Here is some quick note for the existence of eigenvector for linear operator $T$  in complex vector space of dimension $n$. Consider any non-zero vector $X$ in the space, we have the $n+1$ vectors $X, T[X],T^2[X],T^3[X],\cdots,T^n[X]$ to be linearly dependent. Thus, there exists $a_0,a_1,\cdots,a_n$ such that $a_0+a_1T[X]+a_2T^2[X]+\cdots+a_nT^n[X]=0$. If $a_n$ is zero, we will pick the largest $k$, $k\le n$, such that $a_k \neq 0$. In any case, we can write
$a_0+a_1T[X]+a_2T^2[X]+\cdots+a_kT^k[X]=0$ with $a_k\neq 0$.
Now consider the polynomial expression
$a_0+a_1x+a_2x^2+\cdots+a_kx^k$. We can find complex numbers $c_1,c_2,\cdots,c_k$ such that

$a_0+a_1x+a_2x^2+\cdots+a_kx^k=a_k (x-c_1)(x-c_2)\cdots(x-c_k)$. Easy to verify that

$a_k(T-c_1 I)(T-c_2 I)\cdots(T-c_k I)[X]$
$=a_0+a_1T[X]+a_2T^2[X]+\cdots+a_kT^k[X]=0$.

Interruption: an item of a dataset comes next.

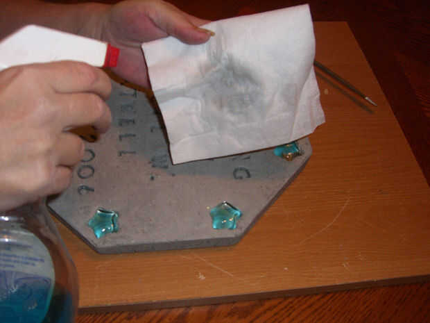 Lavar la piedra con agua y jabón y luego pulir las estrellas con Windex.
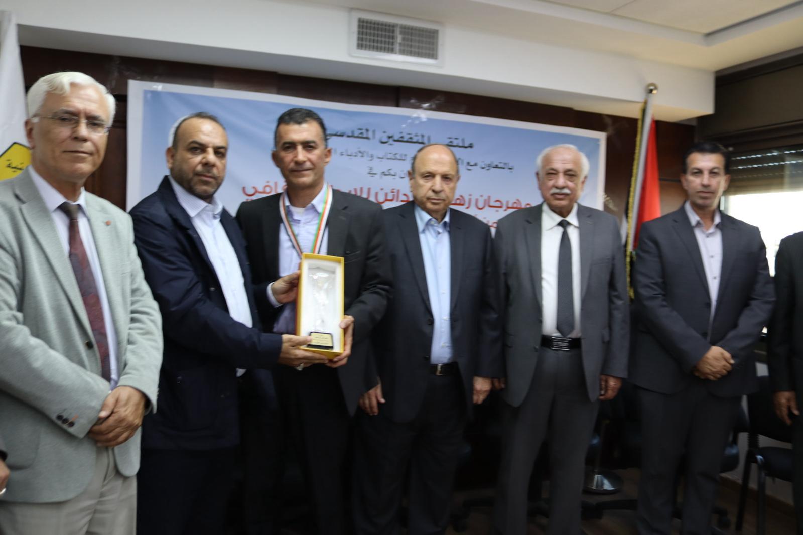 القدس ~ اقام ملتقى المثقفين المقدسي بالتعاون مع الاتحاد العام للكتاب والأدباء الفلسطيني   27  نيسان  مهرجان زهرة المدائن للابداع الثقافي من أجل القدس في مقر م ت ف في الرام بالقدس بحضور المهندس عدنان الحسيني مسؤول ملف القدس في ( م ت ف ) والشاعر مراد سوداني أمين عام اتحاد الكتاب والأدباء ورئيس الملتقى الدكتور طلال ابو عفيفة واسعد سنقرط أمين سر مجلس أمناء الملتقى ومجلس إدارة الملتقى وعدد من الكتاب والأدباء والشخصيات المقدسية . تم الإعلان عن المكرمين من فلسطين والأردن وتم تكريم المكرميم من فلسطين. وقام تلفزيون فلسطين مباشر بتغطية حفل التكريم مباشرة. والمكرمون جميعا هم:

For the above to be true, there must exist an $l$, $1\le l \le k$, such that

$(T-c_{l} I)\cdots(T-c_kI)[X]=0$ but $(T-c_{l+1} I)\cdots(T-c_k I)[X]\neq 0$.  Define $Y_l=(T-c_{l+1} I)\cdots(T-c_k I)[X]$, note that $(T-c_{l} I )[Y_l]=0$ with $Y_l\neq 0$. That is $T[Y_l]=c_l Y_l$ and thus $c_l$ and $Y_l$ are precisely an eigenvalue and eigenvector of $T[\cdot]$.